Current active studies further investigating the use of nelarabine. a
clinicaltrials.gov
Currently there have been more than 60 publications that describe various aspects of nelarabine, including preclinical and clinical studies and reviews of the individual compound, such as that found recently in Clinical Medicine: Therapeutics and reviews of the class of compounds known as purine antimetabolites. As further work on nelarabine continues, we will look to the literature to help us learn more about its potential.
Summary
Nelarabine represents the final compound developed that had the direct input of Dr. Elion. Her work was born out of a rational approach to drug development, which resulted in marketed therapeutic agents that have benefited untold numbers of individuals and saved countless lives. In early February 1999, this author received a note from Dr. Elion regarding her upcoming visit to Ohio Northern University (April 1999), where she was to present the annual Merck Lecture.
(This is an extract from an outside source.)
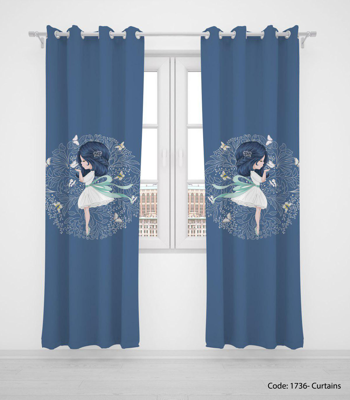 پرده پانچی سرمه ای دخترانه مدل BLUE HAIR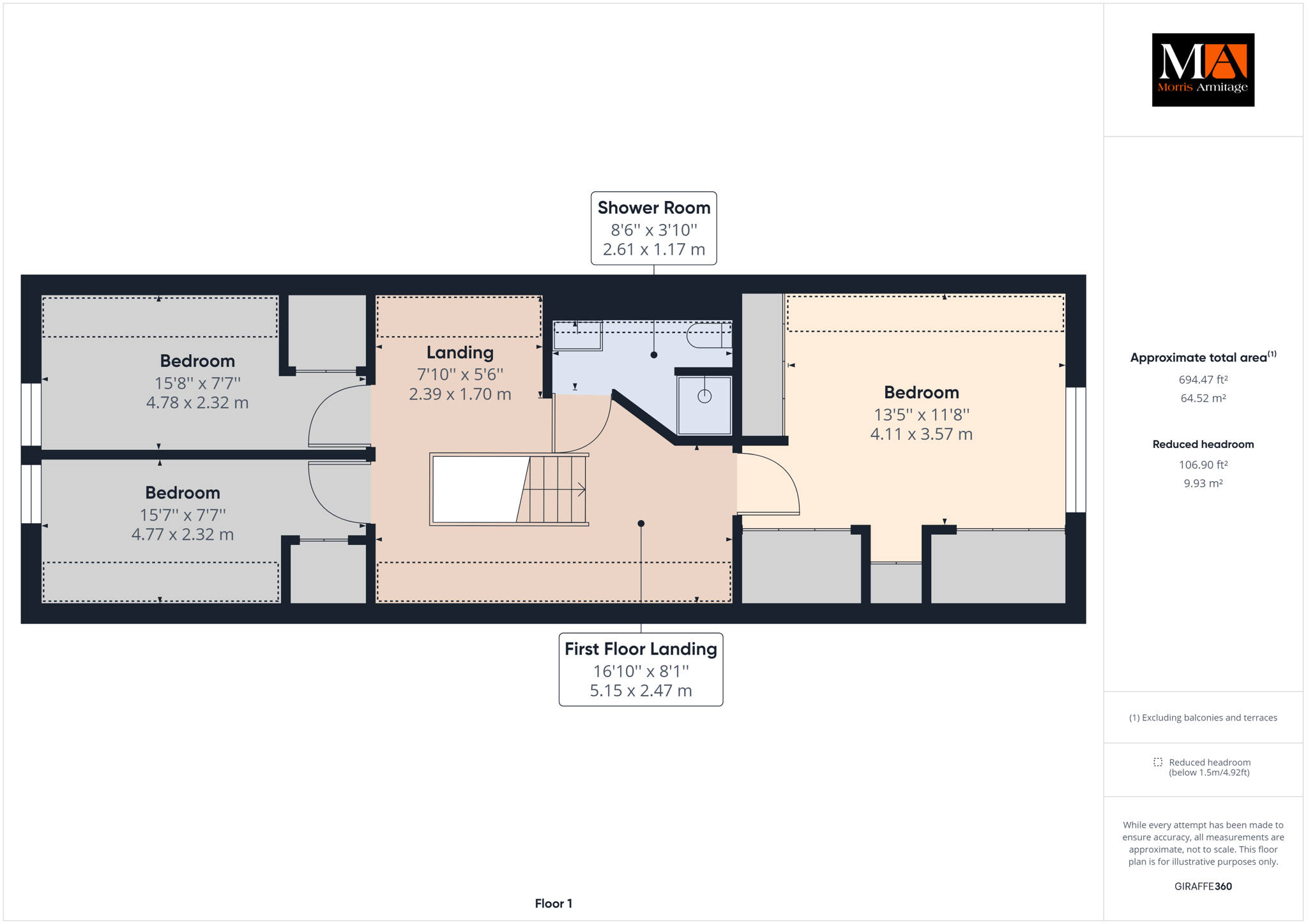 A galleried area, spacious enough to accommodate a study area. Three Velux windows inset to ceiling, double panel radiator, access to loft space, inset ceiling spotlights, doors to all rooms.

She put forth the idea of discussing her role in drug discovery and development and thought she may discuss the purine analog story. Unfortunately Dr. Elion passed away later that February and our students did not get to hear this important story. Now, some ten years after her death, it is up to those who Dr. Elion has mentored and their colleagues to collaborate and continue writing the story of nelarabine, with the goal of identifying its optimal use.
This brief commentary/review is dedicated to Dr. Gertrude Elion on the tenth year anniversary of her passing. (January 23, 1918-February 21, 1999).
Disclosure
The author reports no conflicts of interest.